(Given data)

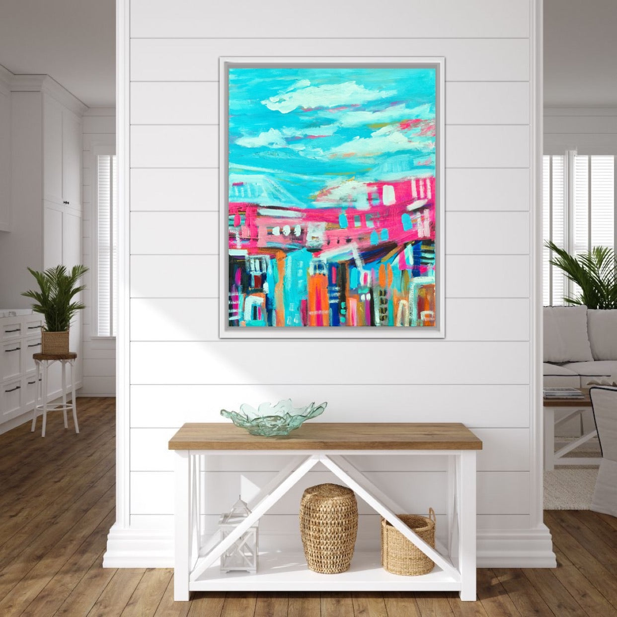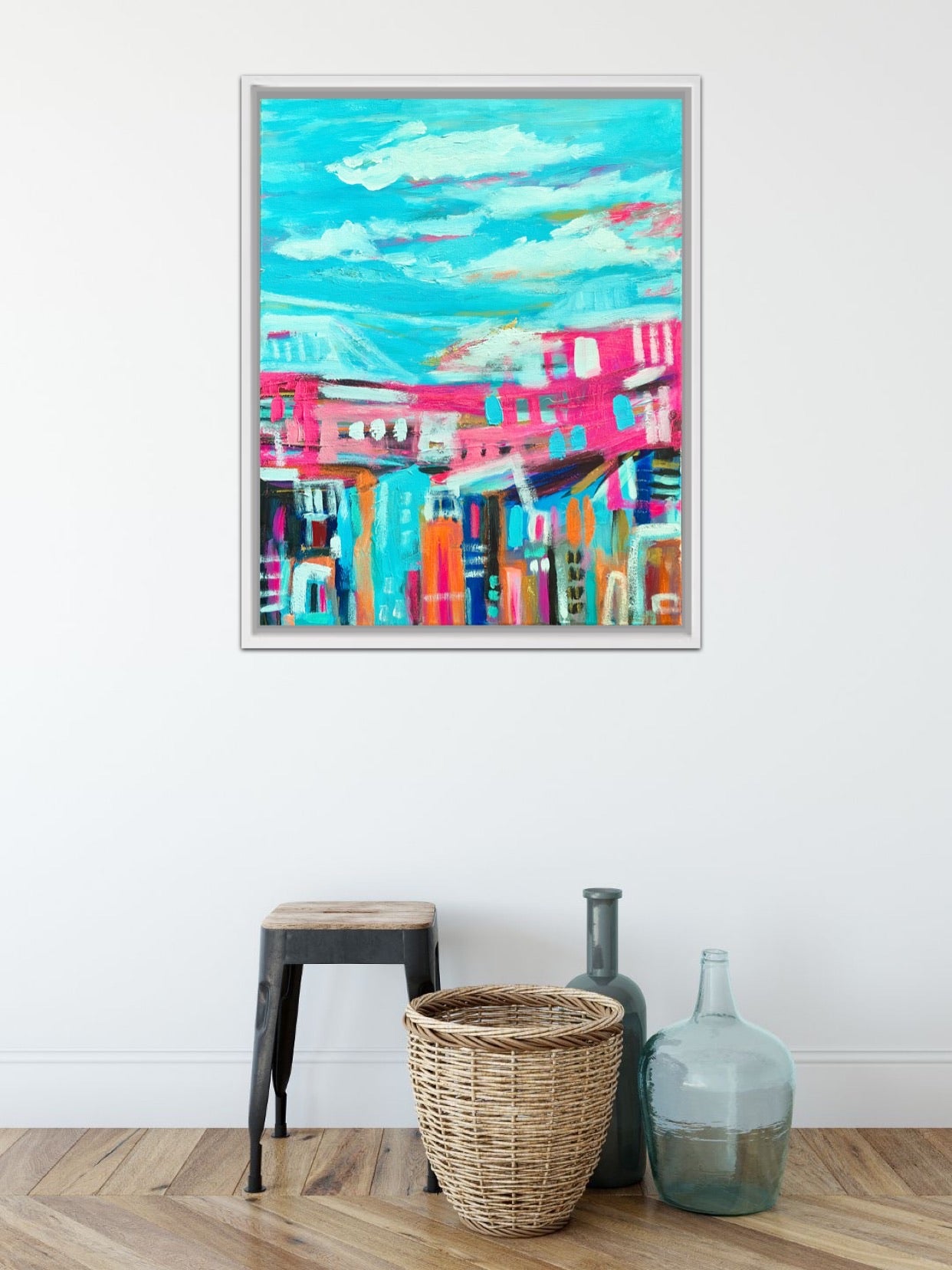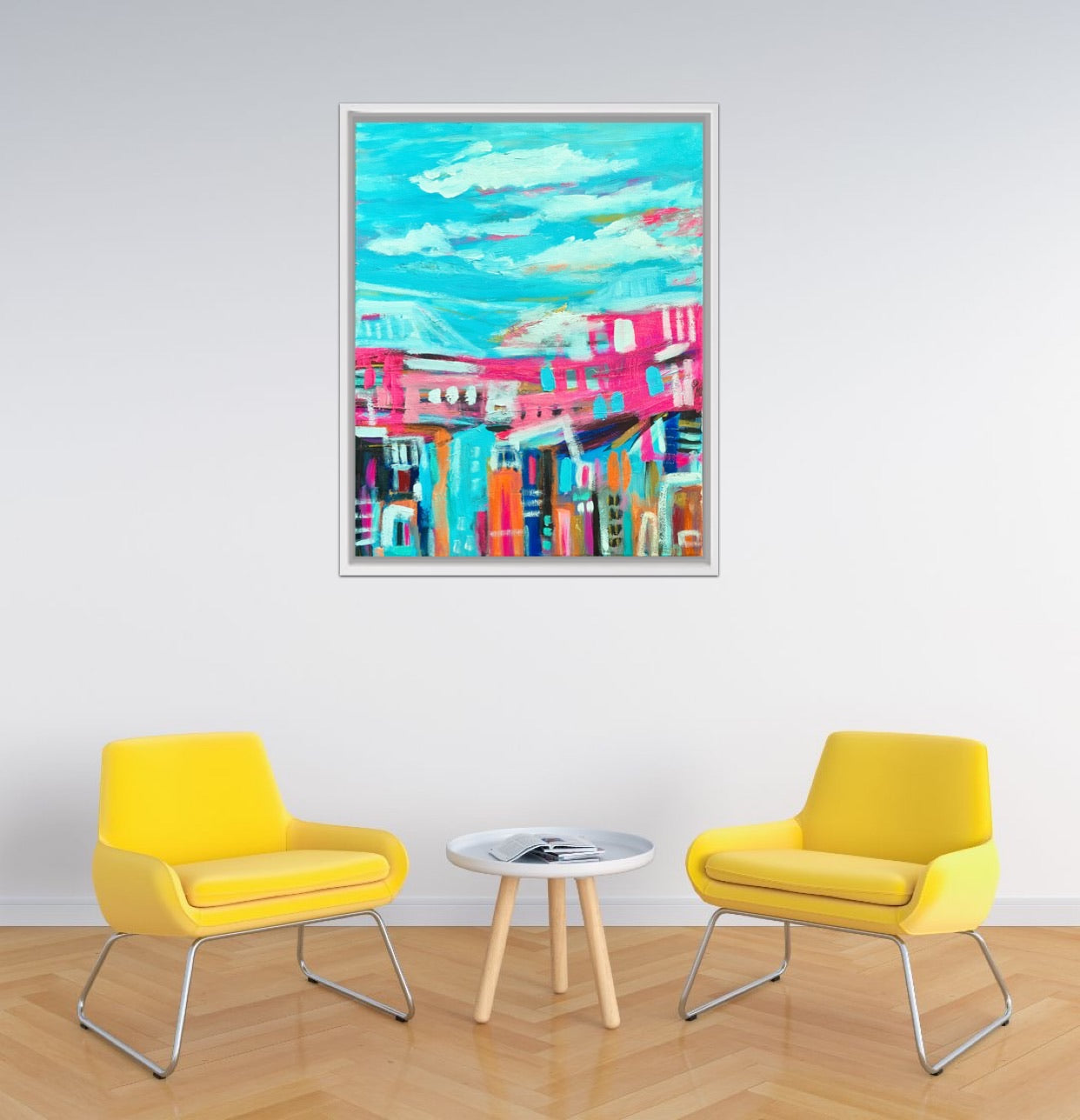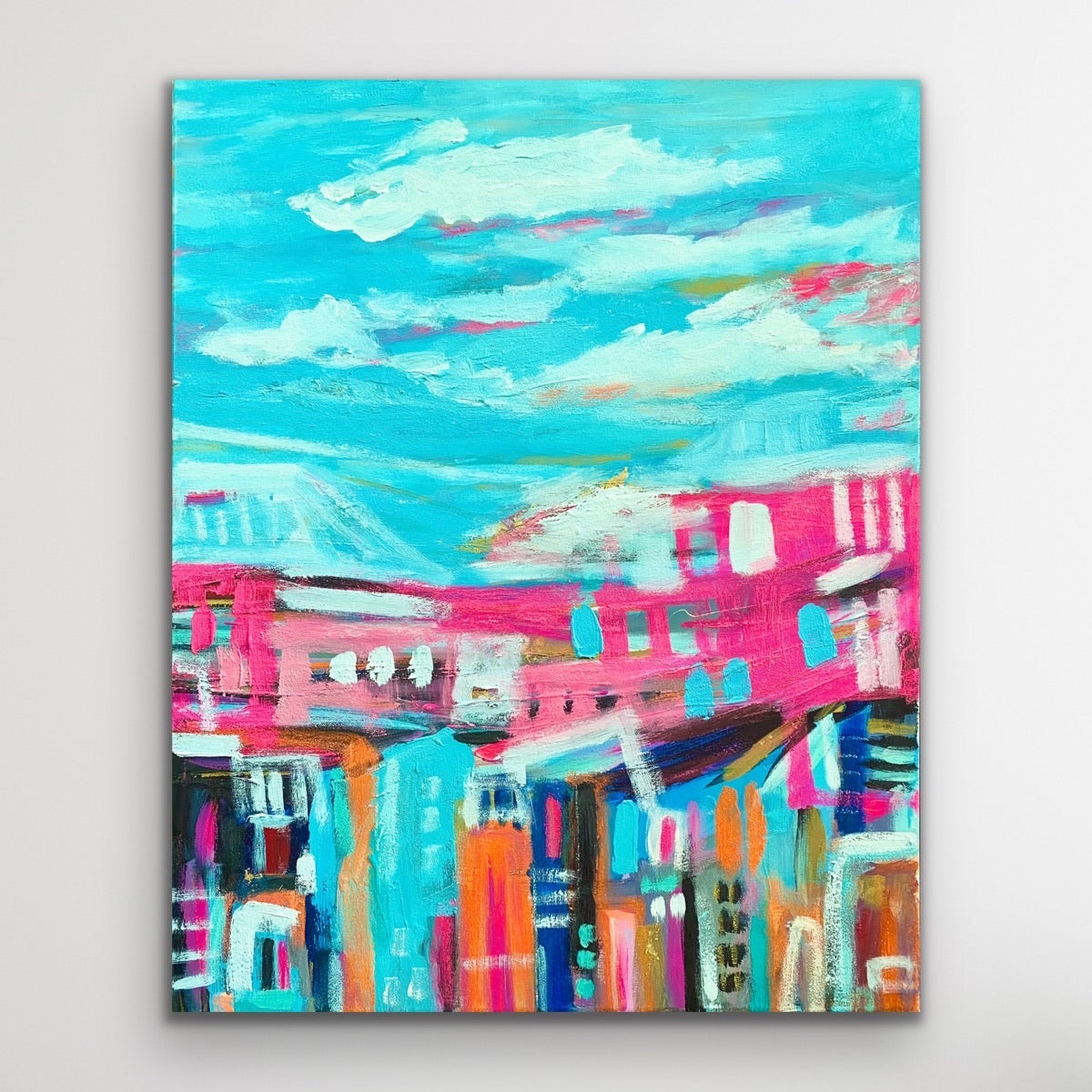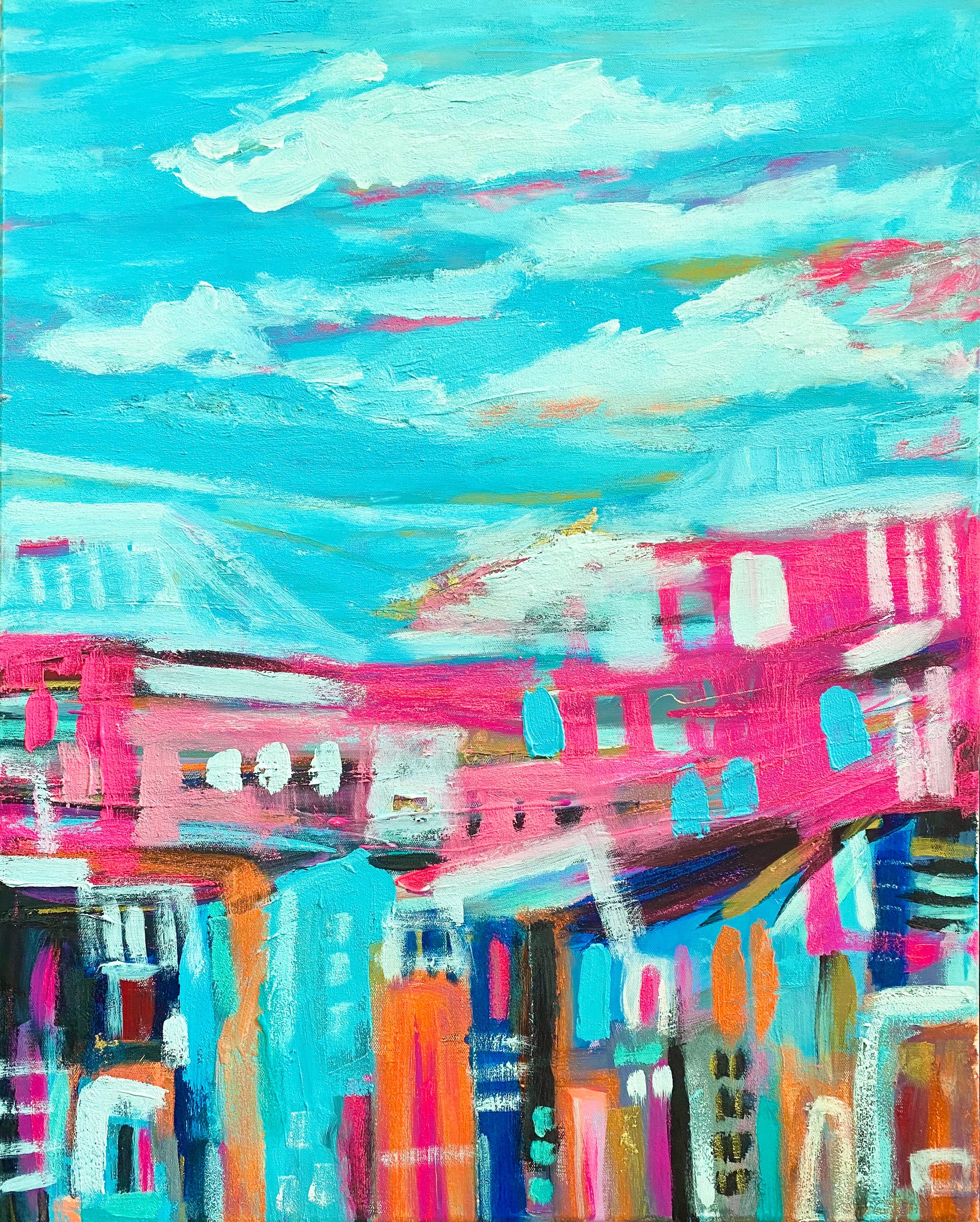 Blue Skies and Positive Vibes is an abstract landscape painted in positive colours this is a very unique piece.
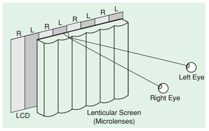Figura 12 - Representação de um ecrã equipado com lentes lenticulares [9].
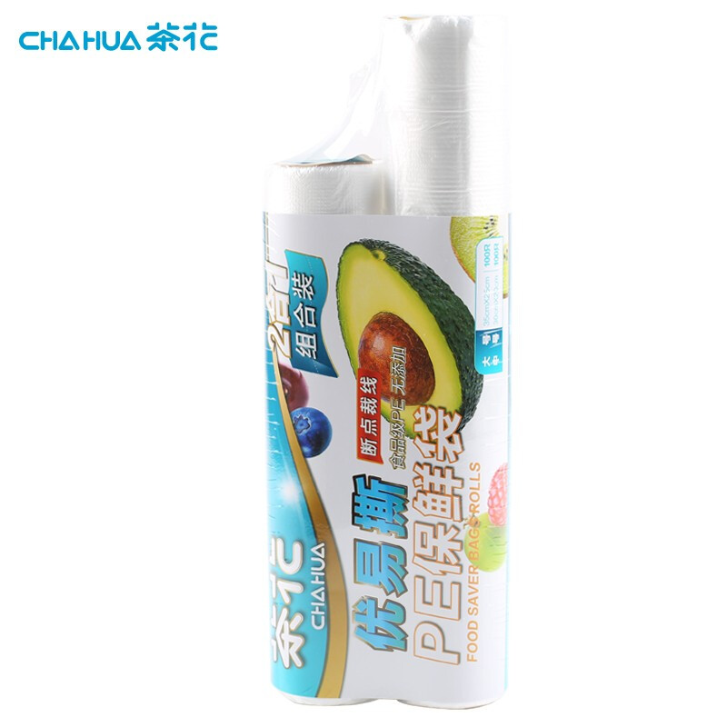 茶花保鲜袋食品袋一次性连卷袋保鲜水果点断式大中小号手撕袋 【200只】大中 各100只

(Aim of the task) Copy out the full material exactly. Pictures should not appear in it.

(Answer to this task)
 Blue Skies and Positive Vibes is an abstract landscape painted in positive colours this is a very unique piece.
Figura 12 - Representação de um ecrã equipado com lentes lenticulares [9].
 茶花保鲜袋食品袋一次性连卷袋保鲜水果点断式大中小号手撕袋 【200只】大中 各100只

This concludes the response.